Assurer une transparence efficace est tout à fait à notre portée. Nous devons tout d’abord nous assurer que les informations seront communiquées de manière gratuite et sous un format exploitable sur le site internet de l’entreprise. Il nous revient ensuite de légiférer sur la nature des données que devront diffuser les entreprises. Pour en avoir longuement discuté lors de la loi bancaire – vous vous en souvenez sans doute, chers collègues –, nous savons que cette question est très importante. Il est donc normal qu’il revienne à la représentation nationale de fixer les données qu’il nous est nécessaire de connaître. Enfin, les sanctions auxquelles seront soumises les entreprises récalcitrantes devront être réellement dissuasives, comme c’est le cas en Allemagne ou en Angleterre.

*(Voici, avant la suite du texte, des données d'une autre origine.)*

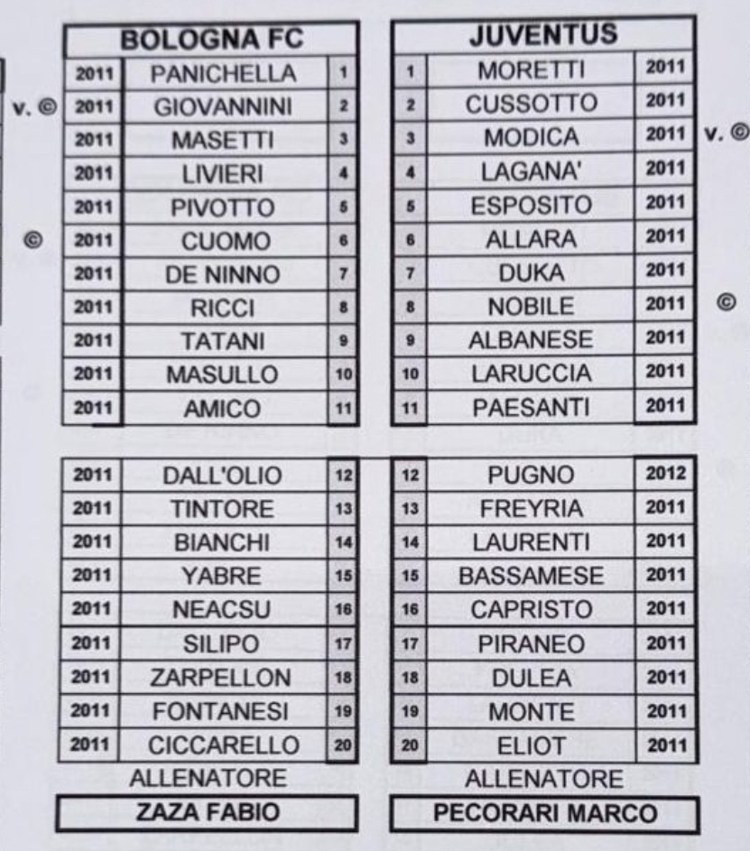Nella giornata di sabato 14 marzo si sono giocate in Emilia le due gare Bologna Juventus U15 e U16 A-B. Ecco le distinte.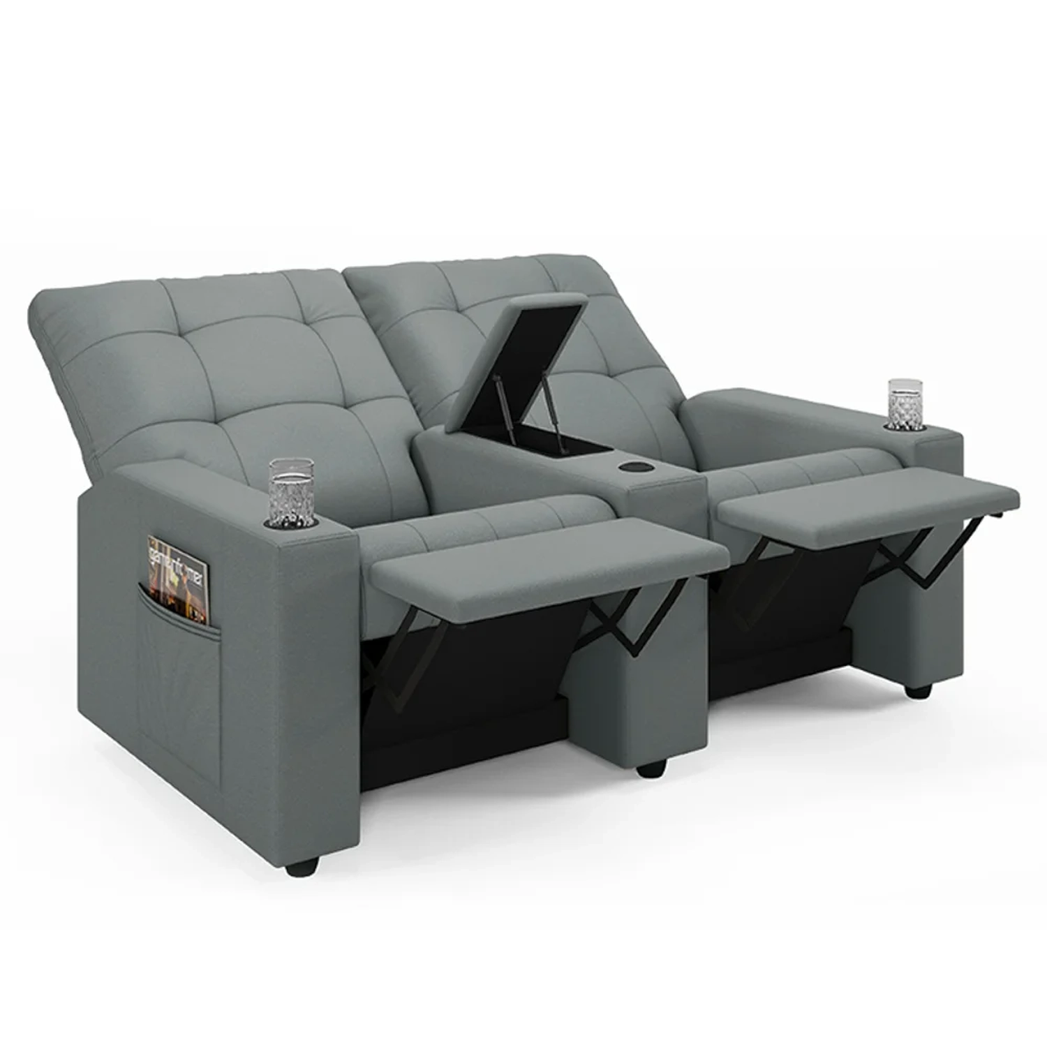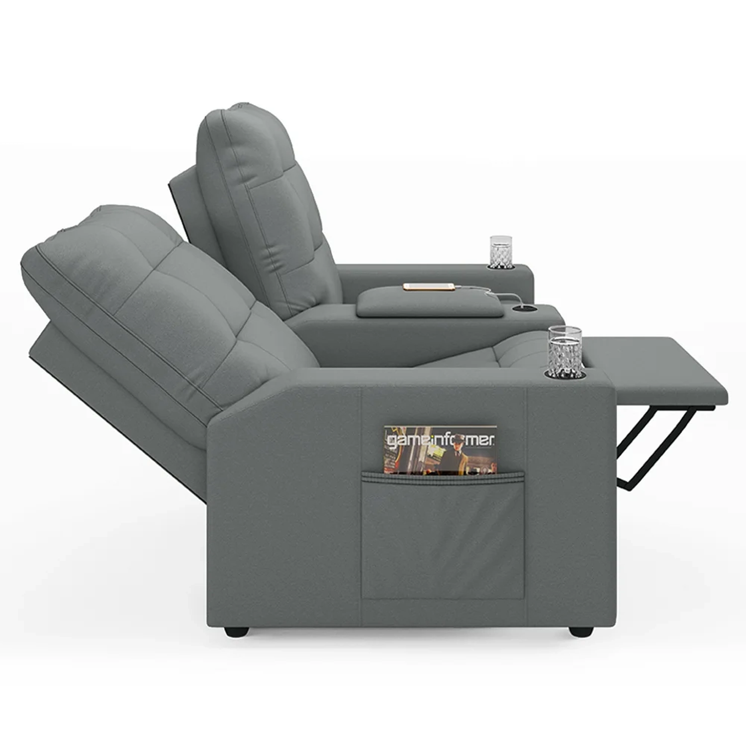 Conheça a Poltrona de Cinema Reclinável 2 Lugares Baú USB Mallie FH9 PU Cinza, da Mpozenato projetada para oferecer o máximo conforto e ter seu próprio cinema em casa.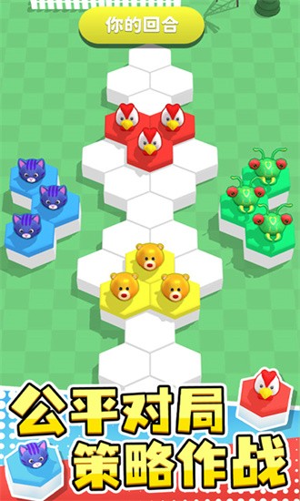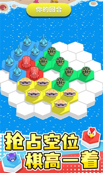 "基础移动"机制:玩家可以控制萌宠棋子在六边形网格上向任意相邻的六个方向移动一格,这种看似简单的走法实则暗藏玄机,合理的走位布局往往能为后续的连续跳跃创造有利条件。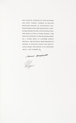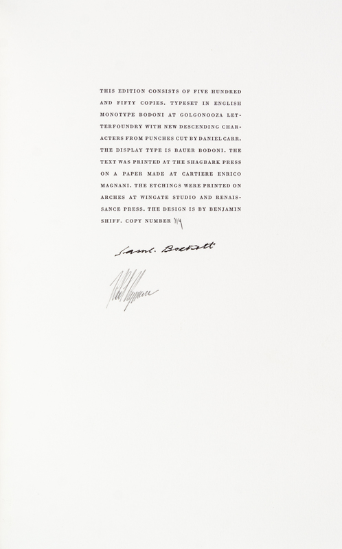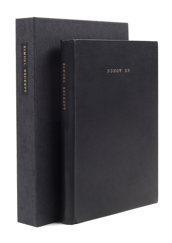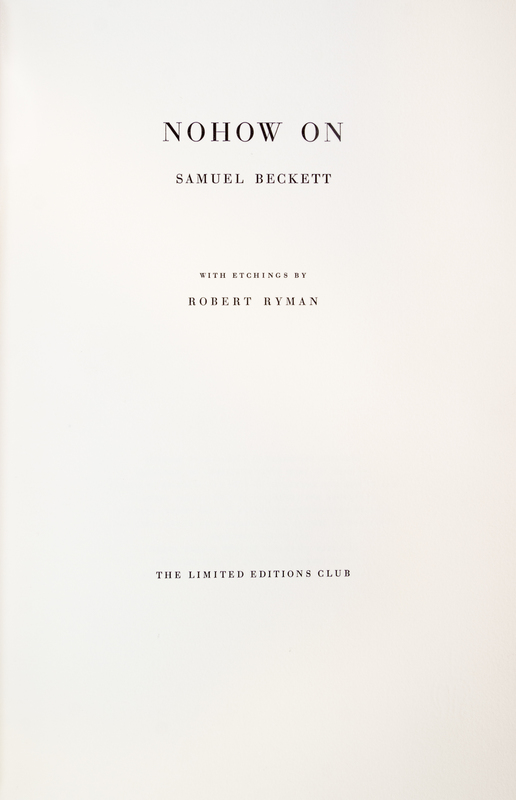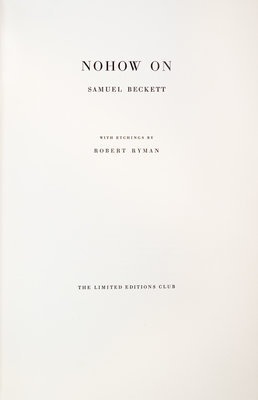 Nohow On. [New York:] The Limited Editions Club, (1989).4to, bound by Markey and Asplund in gilt-lettered navy morocco, gilt-lettered spine. Housed in custom suede-lined black cloth clamshell case, gilt-lettered morocco spine label. Illustrated with etchings by Robert Ryman. Limited edition, number 314 of 550 copies printed on Cartiere Enrico Magnani paper by the Shagbark Press, signed by the author and illustrator. Fine.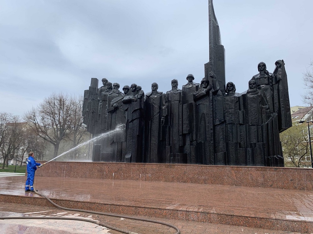 В преддверии празднования Дня Победы горожане будут особенно часто посещать площадь Победы, поэтому важно своевременно привести монумент в надлежащий вид.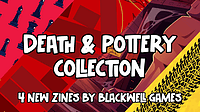 Hey everyone, I'm excited to announce that my 4 zine collection of games loosely themed around death goes live at 3:30pm BST today! https://www.kickstarter.com/projects/diamondblood/the-death-and-pott...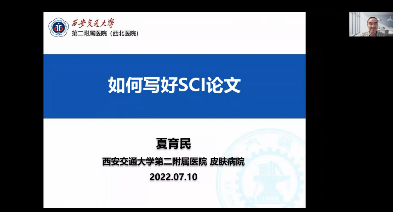 7月11日下午,教务部特邀夏育民教授予线上开展“如何写好SCI论文?”学术讲座。本次讲座是我院“名师启研 研究生科研核心能力提升课程”首场讲座,标志着我院院级研究生科研能力提升体系建设工作正式拉开帷幕。研究生、住培生、青年优秀教师共计400余人参加此次讲座。李小鹏副院长发表本次活动启动重要讲话,讲座由教务部刘颖副主任主持。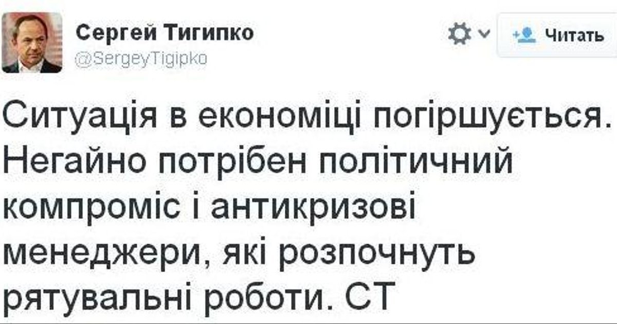 Об этом в совеем Twitter написал народный депутат от Партии регионов Сергей Тигипко, передает Цензор.НЕТ.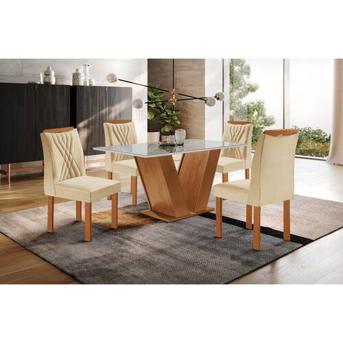 Sala de Jantar 4 Cad Vidro 1,2x0,8m - Paris - Sky Móveis - Off White | Cinamomo

Une fois encore, c’est bien entendu la question de la concurrence qui pourrait compromettre notre objectif. Posons donc le problème. Au niveau européen, tout d’abord, le principe de publication étant inscrit dans la directive, chacun des pays de l’Union européenne le mettra en oeuvre. Tous les États membres seront donc soumis aux mêmes obligations. Quant à la question des pays hors Union européenne, qui a été débattue au sein de la Commission et du Parlement, elle n’a pas empêché l’adoption de la directive. Il nous revient donc de l’appliquer, et nous n’avons plus à en discuter.